Consider the Lines Below:

r = <2, 3, 0> + t<3, -3, 1>

r = <5, 0, 1> + s<-3, 3, 0>

A.) Find the point at which the given lines intersect.
B.) Find an equation of the plane that contains these lines.

Homework Equations

[/B]
The vector equation of a line is given by r = r0 - tv

The equation of a plane is given by N . (r - r0)

The Attempt at a Solution

I worked everything to the best of my ability but I ended up getting an equation of a line as opposed to the equation of a plane... Did I do something wrong? Here is a picture of my work:

 

[Mark44]

Consider the Lines Below:

r = <2, 3, 0> + t<3, -3, 1>

r = <5, 0, 1> + s<-3, 3, 0>

A.) Find the point at which the given lines intersect.
B.) Find an equation of the plane that contains these lines.

Homework Equations

[/B]
The vector equation of a line is given by r = r0 - tv

The equation of a plane is given by N . (r - r0)

The Attempt at a Solution

I worked everything to the best of my ability but I ended up getting an equation of a line as opposed to the equation of a plane... Did I do something wrong? Here is a picture of my work:

I don't see anything wrong with your work. The two lines intersect at (5, 0, 1) (I checked), and the equation of the plane is indeed x + y = 5. In three dimensions this is a plane.

 

[BoonBoon]

I don't see anything wrong with your work. The two lines intersect at (5, 0, 1) (I checked), and the equation of the plane is indeed x + y = 5. In three dimensions this is a plane.

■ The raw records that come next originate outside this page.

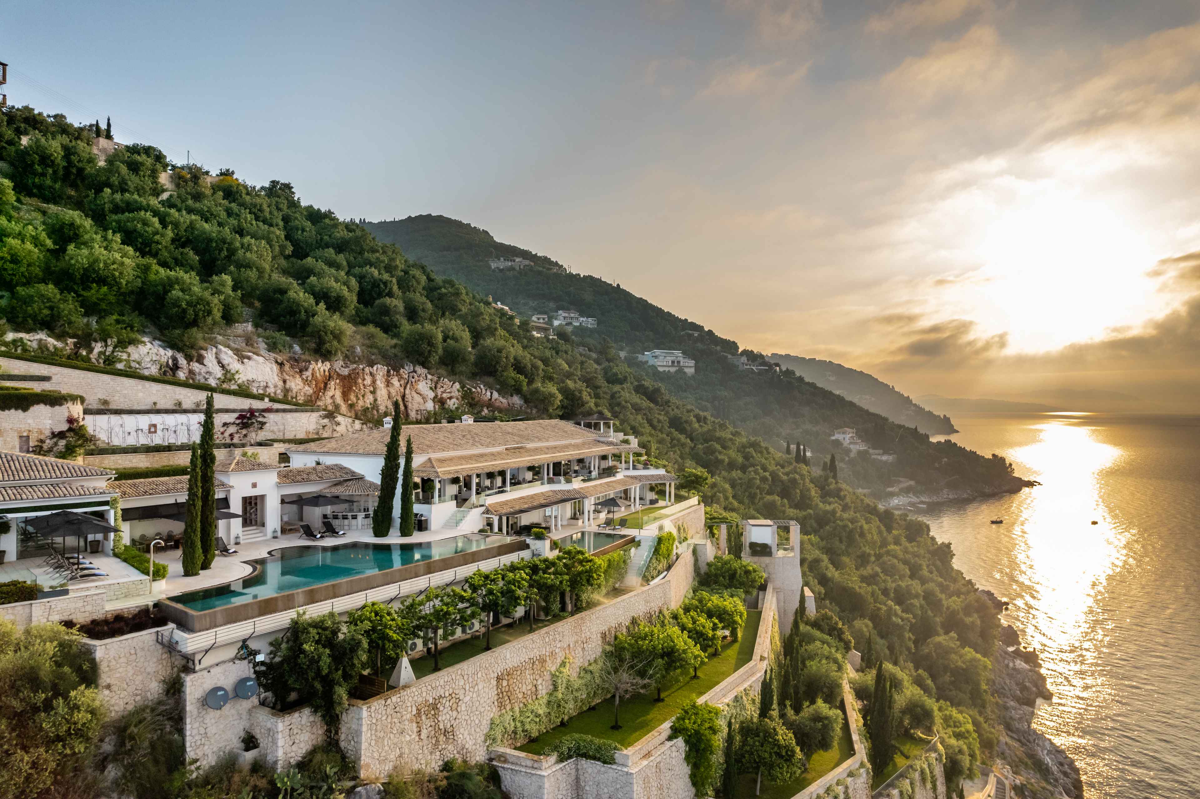 A paradise of privacy and majestic aura is located on the slopes of Nissaki of Corfu. With fantastic views of the Ionian Sea that can dazzle even the more demanding visitors. A masterpiece of mixed interior design that It can cover every taste and that looks like it has been carved on its slope Island. The complex consists of two buildings, the main and a guesthouse in which they are accessed from a private entrance on the side of the road and form a secluded holiday paradise for up to 12 people. On the outside there is an infinity pool which drains to a secondary one on the lower terrace through a waterfall and it is the most impressive part of it house. Of course a private terrace with several seating areas and a covered dining area could not be missing. The entire property has six levels of well-tended gardens that lead to the sea.
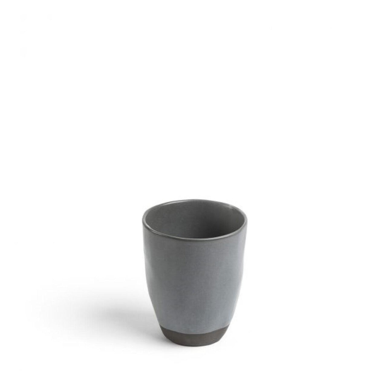 This Daylesford Palamino Tumbler features a sophisticated, dual-tone finish in shades of grey and charcoal. It is crafted from durable ceramic, offering a substantial feel for daily use. The design balances modern simplicity with textural contrast, making it a versatile piece for any kitchen setting.
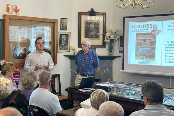 The chairman of the Muizenberg Historical Conservation Society, Brett McDougall (left), introduces author Tony Westby-Nunn at the book launch.
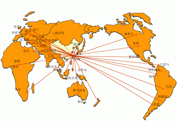 东南亚各国:日本、台湾,新加坡,泰国,马来西亚,菲律宾,韩国,文莱,越南,印度,印度尼西亚,柬埔寨,老挝
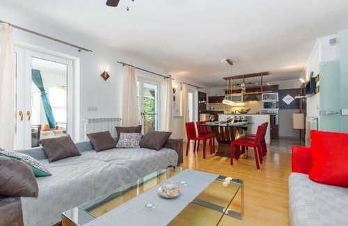 This stylishly furnished, modern holiday flat in Villa Dino near the town of Umag on the turquoise-blue Adriatic offers space for a total of 6+2 people. The villa was built in 2006 and comfortably modernised in 2013. In total it covers a plot of 600 square metres.
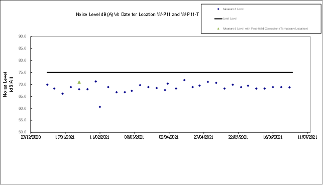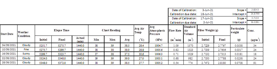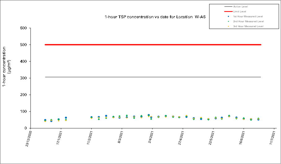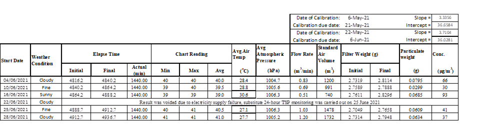 A.7 Due to the electricity supply failure for the high volume sampler (HVS) on 22 June 2021 at Man Cheong Building (W-A6), 24-hour TSP result was voided. Inspection and repair works for the electricity supply were conducted by the Contractor on 24 June 2021. Additional monitoring for 24-hour TSP at W-A6 was arranged on 25 June 2021. The result was valid and used as a substitute for the voided monitoring result on 22 June 2021.

Thank you so much. I think I figured out the error in my way of thinking. For some reason I was thinking of my answer as looking like a cube in R³. But since x + y = 5 is a line in R², I could just scale the Z value infinitely in either direction in R³, as long as I'm restricted to that line. Thus, I would have a plane. Interesting. Thanks so much for your response!

 

[HallsofIvy]

You say " I ended up getting an equation of a line" but that is not true. A line cannot be written as a single equation in 3 dimensions. What you have is a plane in which the coefficient of z happens to be 0. That simply means that the plane is parallel to the z-axis. You can think of it as the line defined by x+ y= 5 in the xy-plane extended parallel to the z-axis.

 

[BoonBoon]

You say " I ended up getting an equation of a line" but that is not true. A line cannot be written as a single equation in 3 dimensions. What you have is a plane in which the coefficient of z happens to be 0. That simply means that the plane is parallel to the z-axis. You can think of it as the line defined by x+ y= 5 in the xy-plane extended parallel to the z-axis.

Yes, you are absolutely right. Having 0 as the coefficient of Z is what scared me. My professor hadn't covered what that meant very well, so I was confused. Thank you very much for your input.